RECORDS TO USE Start Marker

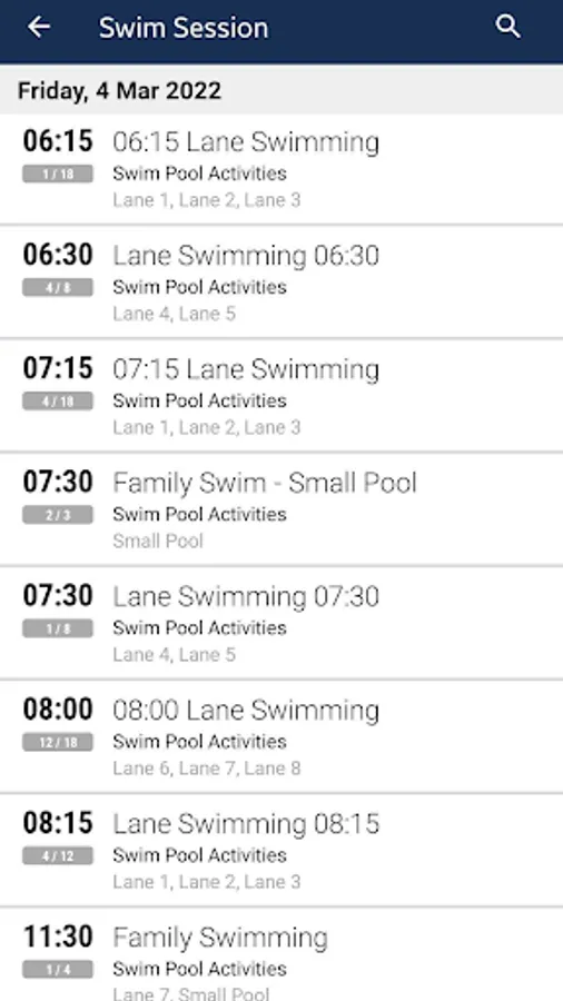 Get real-time access to your centre’s timetable for lane swimming, recreational public swim and Family swimming sessions.
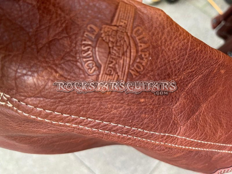 This high-quality leather jacket was made by Red Wing as part of the Clapton Classics line. It remains in very good condition and was obtained directly from a crew member. The “Clapton Classics” logo is subtly embossed on the left sleeve, a discreet and elegant detail. A well-crafted and rare piece associated with Eric Clapton.
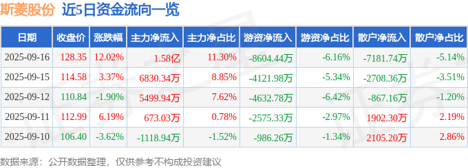 证券之星消息,截至2025年9月16日收盘,斯菱股份(301550)报收于128.35元,上涨12.02%,换手率11.73%,成交量11.43万手,成交额13.97亿元。
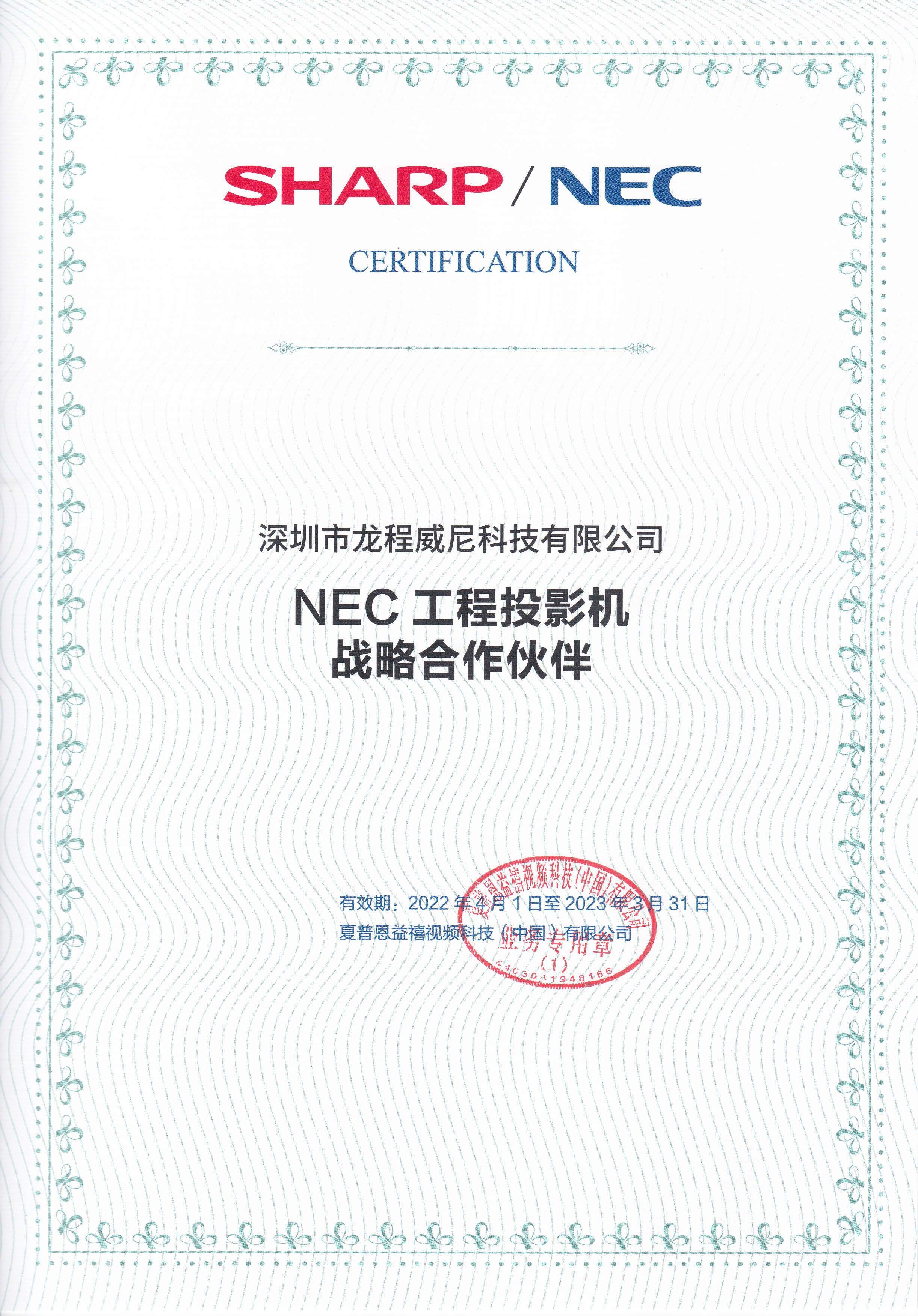 公司成為日本NEC工程投影機(jī)戰(zhàn)略合作伙伴
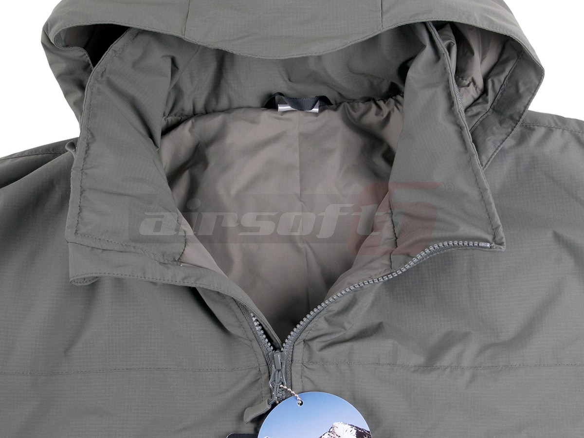 Geaca LEVEL 7 este, in acest moment, cea mai groasa geaca oferita de Helikon-Tex publicului. Producatorul a gandit acest articol vestimentar avand un scop principal si anume acela de a oferi protectie maxima impotriva frigului chiar si in cele mai aspre conditii de exploatare. Secretul acestei geci consta in primul rand in stratul de izolatie numit Climashield Apex. Acest material este capabil sa genereze si sa pastreze confortul termic optim chiar daca este uscat sau ud. In afara de propietatile uluitoare de izolatie, acest material este si extrem de usor, permitand astfel reducerea considerabila a greutatii intregului ansamblu. Exteriorul gecii este acoperit cu un strat subtire de nylon ramforsat ripstop, ce deasemenea ajuta la pastrarea greutatii reduse a gecii. Un aspect ce trebuie mentionat este posibilitatea de a compacta considerabil geaca atunci cand este impachetata, fara a periclita integritatea structurala a ei.
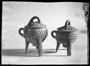 Part of a collection of images of the BSA's 1920s excavations at Mycenae. The original description in the SPHS negative register reads: "Mycenae, Tomb 532, incense pots". Recorded in the register as from the 1922 season.
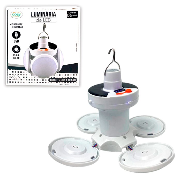Luminaria retratil c/led e placa solar 19cm dt24169 cx:036
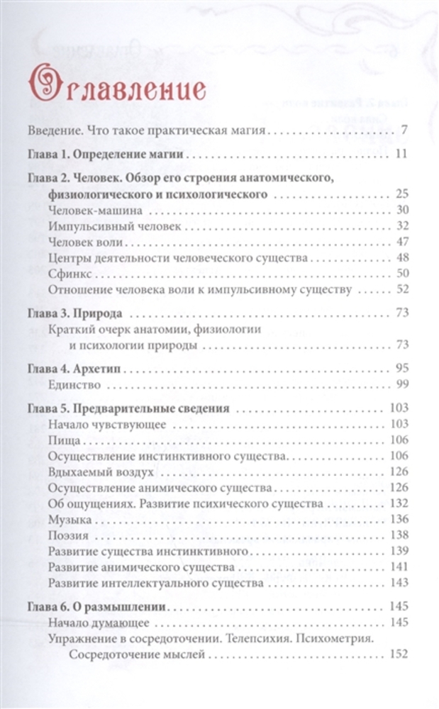 В ней содержится исчерпывающая информация, которой должен обладать человек, твердо решивший встать на путь изучения магии. Некоторые из тем: строение человека — анатомическое, физиологическое и психологическое; влияние пищи и различных возбуждающих веществ на состояние организма и разума; важность развития памяти, интеллектуального образования; различные психические упражнения — психометрия, управление мыслями; основы астрономической астрологии; магические соотношения между травами, животными и минералами — с одной стороны, и небесными телами (планетами и звездами зодиака) — с другой.
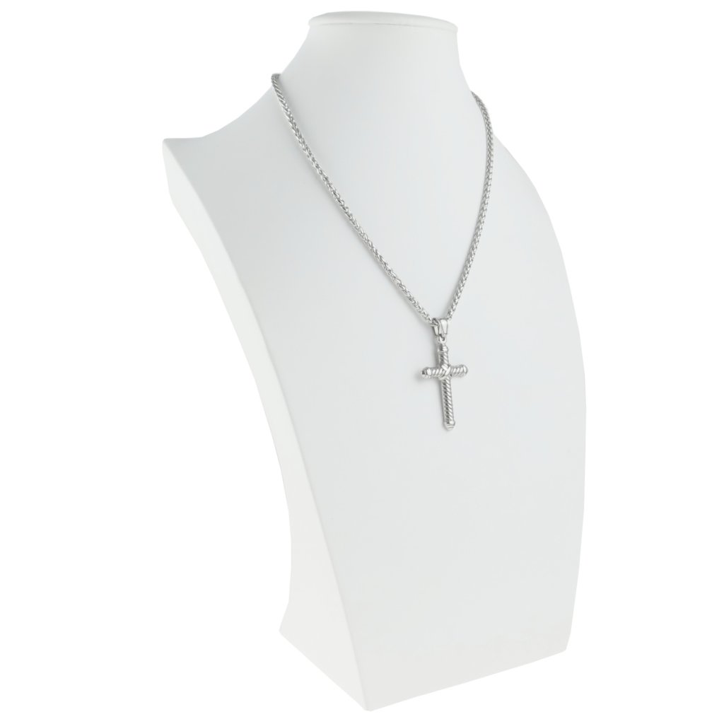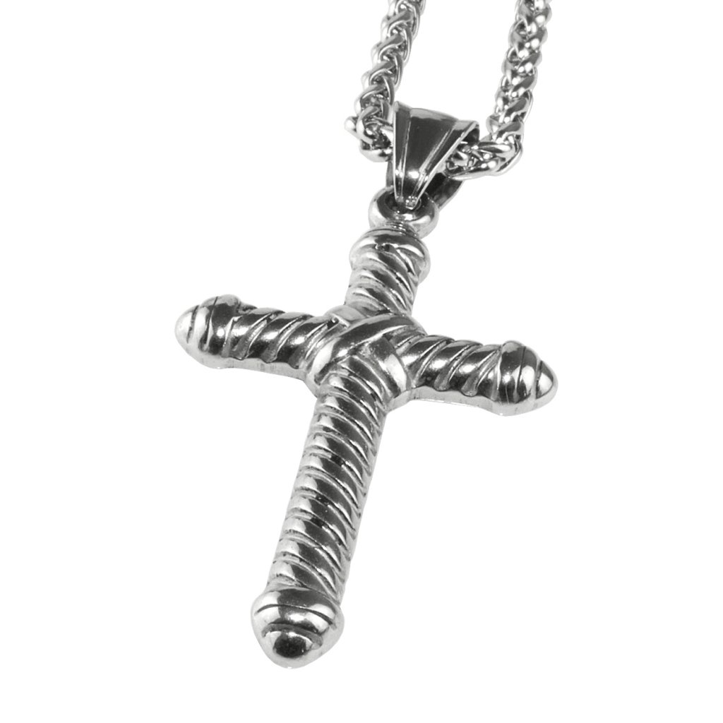 Zaujímavá pánska retiazka s príveskom kríž v striebornom prevedení. Tento šperk je vhodný pre pánov, ktorí majú radi zaujímavé nie celkom klasické šperky. Krížik je akoby omotání a pôsobí veľmi pekne. Retiazka je veľmi obľúbený pletený vzor a je možnosť ju nosiť aj samostatne bez prívesku. Celý šperk je vyrobený z kvalitnej chirurgickej ocele, ktorá je hypoalergéna a nečerná, ako to poznáme z lacnej bižutérie či striebra. Chirurgická oceľ si nevyžaduje žiadnu špeciálnu starostlivosť.
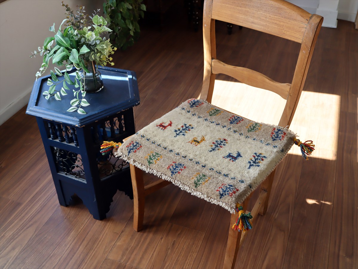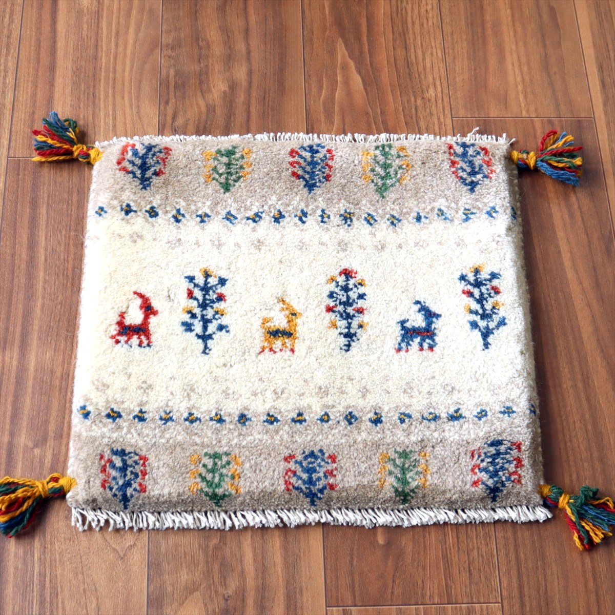- ギャッベ イラン産手織り 座布団サイズ 39×43cm ナチュラルアイボリーカラフルな生命の樹と動物
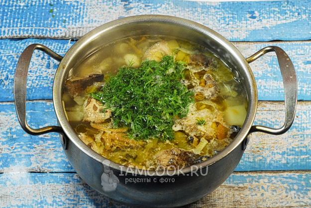 В готовый суп добавляем нарезанный укропчик. Грибной суп из маслят готов, нам осталось только разлить его по тарелкам.
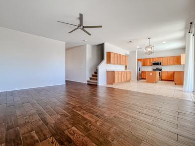 Premier Golf Course Community with Nearby Schools, 5 Parks, 2 Volleyball Courts, 1 Basketball Court, Ramadas w/ Grills and Public 18-Hole Executive Golf Course and Restaurant. Two Story Home with generous living space. Second level has a large versitle loft creating plenty of room for household entertainment. Kitchen features an island, stainless steel appliances, built-in microwave and plenty of hard wood cabinetry. Adjacent Dining and Family Room w/ sliding doors that lead to an inviting back yard featuring a covered patio w/ lighted ceiling fan and extended paver patio. Rich wood-like tile in formal living/dining room and family room. Primary Suite includes spacious bedroom, walk-in shower, garden tub, extended vanity and walk-in closet. Laundry room w/ washer and dryer included. Half bath just off kitchen. Ceiling fans and window blinds throughout. Lots of storage room under stairwell and in garage. Brand New A/C installed. You will love living in this community! Quick access to US 60 and Loop 202. Sorry, no Cats! Will accept to 2 dogs, 20 lbs or less.
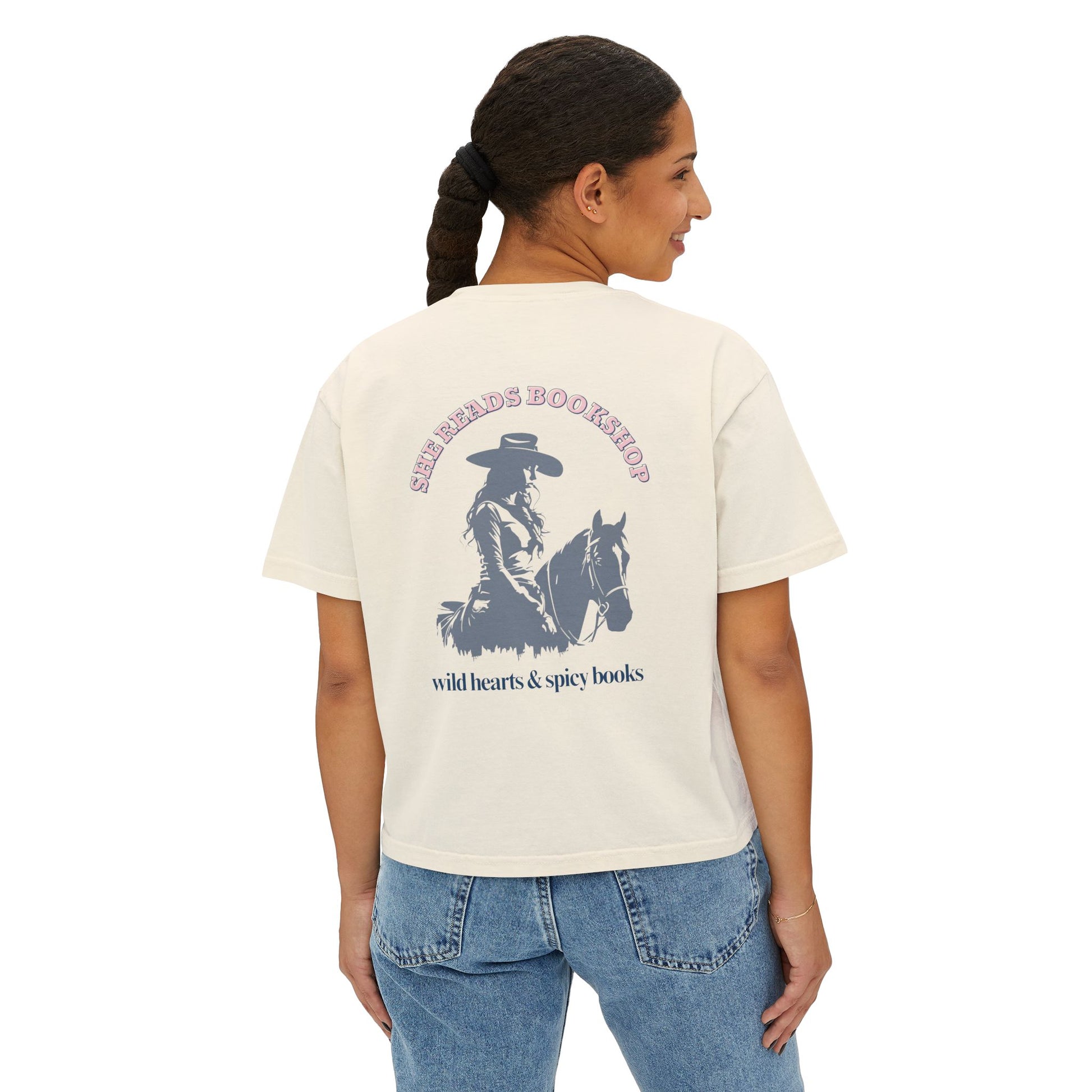 Soft, effortlessly cool, and made for book babes who know comfort and confidence can coexist. This Women’s Boxy Tee brings that lived-in, library-day energy with a relaxed fit and slightly cropped cut — perfect for curling up with a good romance, grabbing coffee with your book club besties, or wandering your favorite indie bookstore.
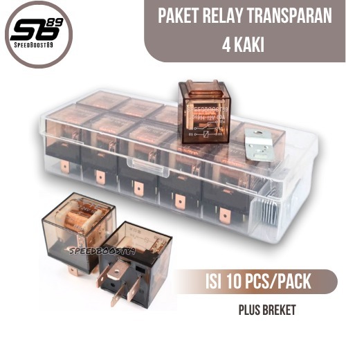 Relay Klakson / Relay Transparan 1 BOX isi 10 Pcs 4 Kaki 12V 80A Bening Indikator LED

RECORDS TO USE End Marker

ACTIVITY » Write out again, exactly, only the lines from the beginning of the material above to the line that holds "This high-quality leather", both ends included, and no pictures.

WRITTEN RESPONSE »
 Get real-time access to your centre’s timetable for lane swimming, recreational public swim and Family swimming sessions.
 This high-quality leather jacket was made by Red Wing as part of the Clapton Classics line. It remains in very good condition and was obtained directly from a crew member. The “Clapton Classics” logo is subtly embossed on the left sleeve, a discreet and elegant detail. A well-crafted and rare piece associated with Eric Clapton.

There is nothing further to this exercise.